Cloud Runner felt the weight of terrible responsibility settle on him. His duty was clear. Here on this world was a great threat to the Imperium. His word would condemn his entire people to oblivion. He tried not to consider that Lame Bear might be right, that the people might not yet be totally enslaved by the genestealer horde. But the thought nagged at him most of all because he hoped it was true.

He stood frozen for a moment, paralysed by the enormity of the decision.

‘The choice is not yours alone, Cloud Runner,’ said Weasel-Fierce. ‘It is a matter for all the warriors of the people.’

Cloud Runner looked into his burning eyes. Weasel-Fierce had invoked the ancient ritual; by rights, it should be answered. The Terminator captain looked at Lame Bear. The giant’s face was grim.
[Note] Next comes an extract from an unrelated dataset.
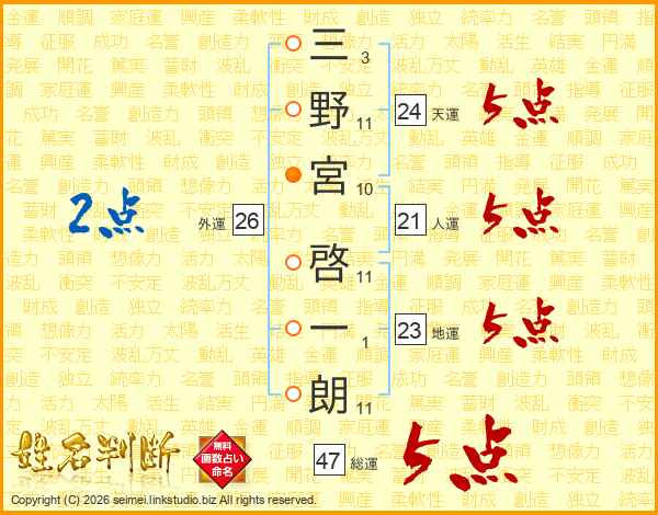 三野宮啓一朗さんの総運は47画の5点!

Cloud Runner nodded. ‘There must be a gathering,’ he said.

T
WO
H
EADS
T
ALKING
saw a commotion break out across the square. A squad of bluecoats forced the maimed beggars to one side. People were crushed underfoot as they pushed through the throng like a blade through flesh.

The librarian dropped back toward the entrance of a tavern. A surly bravo with fresh-scarred cheeks came too close. He raised his truncheon to strike Two Heads Talking, obviously perceiving him as one of the throng. It bounced off the carapace of his Terminator armour. The bluecoat squinted in astonishment at him, and then backed away.

A palanquin borne by two squat, shaven-headed men in brown uniforms moved through the path cleared by the bully-boys. Two Heads Talking looked at the sign of a four-armed man on its side and a thrill of fear passed through him. His worst suspicions were justified.

‘Alms, elder, give us alms,’ the crowd pleaded, voices merging into one mighty roar. Many had abased themselves and kneeled, stumps and grasping hands outstretched in supplication towards the palanquin.

A curtain in its side was pulled back, and a short, fat man stepped out. His pale skin had a bluish tint, and he was wearing a rich suit of black cloth, a white waistcoat and high, black leather boots. A four-armed pendant dangled from a chain hanging around his neck. His head was totally hairless, and he had piercing black eyes. He gazed out at the crowd and smiled gloatingly, great jowls rippling backward to give him a dozen small chins.